§ Problem to solve
Produce word for word the lines of the data below running from the one that has "После сохранения откроется" to the one that has "Šatní skříňka S1", inclusive, and no others.
Segment Start: Stored data
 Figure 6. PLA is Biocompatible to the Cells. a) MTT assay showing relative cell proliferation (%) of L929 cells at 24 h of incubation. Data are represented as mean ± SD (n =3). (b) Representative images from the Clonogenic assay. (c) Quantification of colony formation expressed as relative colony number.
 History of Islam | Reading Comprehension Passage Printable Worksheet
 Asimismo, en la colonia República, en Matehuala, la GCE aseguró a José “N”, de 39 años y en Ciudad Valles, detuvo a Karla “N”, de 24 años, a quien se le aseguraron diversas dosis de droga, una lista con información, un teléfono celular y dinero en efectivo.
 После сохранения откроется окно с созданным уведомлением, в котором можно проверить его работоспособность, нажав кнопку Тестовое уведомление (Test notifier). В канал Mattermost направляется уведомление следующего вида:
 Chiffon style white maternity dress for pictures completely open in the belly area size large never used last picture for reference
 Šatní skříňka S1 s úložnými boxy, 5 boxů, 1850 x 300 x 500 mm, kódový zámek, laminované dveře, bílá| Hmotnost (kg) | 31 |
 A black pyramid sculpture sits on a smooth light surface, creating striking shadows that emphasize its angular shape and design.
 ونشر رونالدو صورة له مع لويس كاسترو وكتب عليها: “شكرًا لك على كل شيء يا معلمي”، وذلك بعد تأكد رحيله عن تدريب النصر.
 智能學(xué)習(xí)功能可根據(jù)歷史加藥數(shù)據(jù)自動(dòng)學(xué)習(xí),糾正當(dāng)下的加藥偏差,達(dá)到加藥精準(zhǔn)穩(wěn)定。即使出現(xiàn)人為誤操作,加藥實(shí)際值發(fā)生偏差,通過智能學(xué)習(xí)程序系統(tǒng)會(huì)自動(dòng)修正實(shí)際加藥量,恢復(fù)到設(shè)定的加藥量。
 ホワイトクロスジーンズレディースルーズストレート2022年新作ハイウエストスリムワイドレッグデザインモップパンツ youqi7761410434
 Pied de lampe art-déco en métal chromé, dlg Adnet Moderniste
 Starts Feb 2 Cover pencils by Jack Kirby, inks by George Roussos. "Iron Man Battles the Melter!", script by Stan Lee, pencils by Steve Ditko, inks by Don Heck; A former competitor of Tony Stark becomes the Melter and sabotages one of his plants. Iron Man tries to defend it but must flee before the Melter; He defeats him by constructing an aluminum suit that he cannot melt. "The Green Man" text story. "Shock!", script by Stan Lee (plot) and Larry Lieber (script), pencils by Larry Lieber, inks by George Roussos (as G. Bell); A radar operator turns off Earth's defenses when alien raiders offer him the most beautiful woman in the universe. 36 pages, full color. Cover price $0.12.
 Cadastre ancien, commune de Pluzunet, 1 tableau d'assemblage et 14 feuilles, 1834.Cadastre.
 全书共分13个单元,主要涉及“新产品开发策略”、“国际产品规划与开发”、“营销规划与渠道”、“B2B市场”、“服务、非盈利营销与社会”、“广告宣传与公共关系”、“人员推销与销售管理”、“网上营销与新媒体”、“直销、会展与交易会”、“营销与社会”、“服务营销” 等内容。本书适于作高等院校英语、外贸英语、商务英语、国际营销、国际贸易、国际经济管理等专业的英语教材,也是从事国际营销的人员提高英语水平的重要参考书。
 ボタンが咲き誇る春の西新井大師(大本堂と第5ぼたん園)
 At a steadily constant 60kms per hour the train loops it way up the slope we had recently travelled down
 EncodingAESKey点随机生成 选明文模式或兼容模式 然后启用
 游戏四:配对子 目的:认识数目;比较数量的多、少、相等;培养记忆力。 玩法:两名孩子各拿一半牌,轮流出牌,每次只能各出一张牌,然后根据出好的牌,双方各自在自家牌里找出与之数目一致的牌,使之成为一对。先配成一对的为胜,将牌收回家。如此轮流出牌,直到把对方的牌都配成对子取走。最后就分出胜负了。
Segment End: Stored data
§ Worked solution
 После сохранения откроется окно с созданным уведомлением, в котором можно проверить его работоспособность, нажав кнопку Тестовое уведомление (Test notifier). В канал Mattermost направляется уведомление следующего вида:
 Chiffon style white maternity dress for pictures completely open in the belly area size large never used last picture for reference
 Šatní skříňka S1 s úložnými boxy, 5 boxů, 1850 x 300 x 500 mm, kódový zámek, laminované dveře, bílá| Hmotnost (kg) | 31 |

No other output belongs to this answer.